Are insider traders profiting from Iran’s conflict moves?


Accurate prediction

The same time patterns have appeared on multiple online platforms. Reports from The Guardian and The New York Times show that traders placed highly accurate bets on geopolitical events before they happened. On February 27, about 150 accounts staked $855,000 predicting US airstrikes in Iran the next day.

Sixteen accounts each earned more than $100,000. Soon after, a user on Polymarket – a platform where people predict real-world outcomes – made over $550,000 after predicting that Ali Khamenei – the country’s highest political and religious authority – would be ousted shortly before he was killed in an Israeli strike.
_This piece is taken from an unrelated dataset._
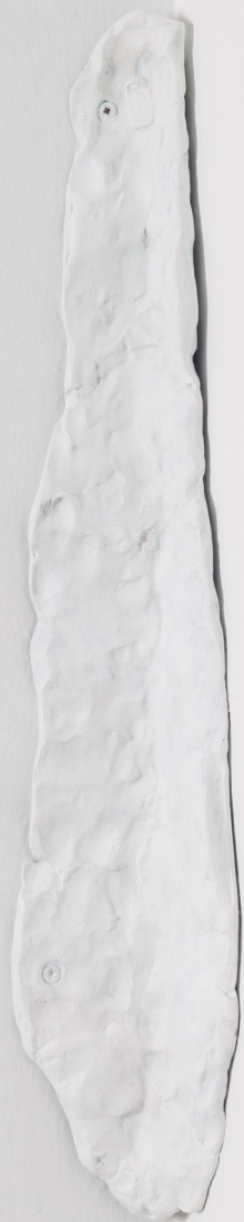
Huella de rincón II, 2023 Brontze margotua 50 x 7 x 8 cm.
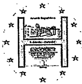
FIGURE PROFESSIONALI NECESSARIE AL PROGETTO

A complaint filed with the Commodity Futures Trading Commission — the U.S. regulator that oversees futures and derivatives markets — by Public Citizen cited a crypto-analytics firm that identified six “suspect insiders” who made a total of $1.2 million from similar predictions.

On April 7, at least 50 accounts again predicted a ceasefire hours before it was announced. Those financial forecasts, along with oil trading, “accurately predicted the exact timing of major developments,” according to the complaint, raising concerns about insider trading — using non-public information to gain a financial advantage.

Regulators demand answers

The repeated timing has attracted official attention in Washington. Ritchie Torres, a US lawmaker, has asked the Securities and Exchange Commission and the Commodity Futures Trading Commission to investigate.

Public Citizen’s Craig Holman told Bloomberg: “It’s hard to believe that they would put up that much money, moments before an official announcement, based on mere chance.”

He added: “We are looking at a possible synchronized cross-market signal that suggests someone in the room is talking to traders.” Reuters and Bloomberg reported that the CFTC has begun looking into some of the trades, although it has not publicly confirmed a formal investigation.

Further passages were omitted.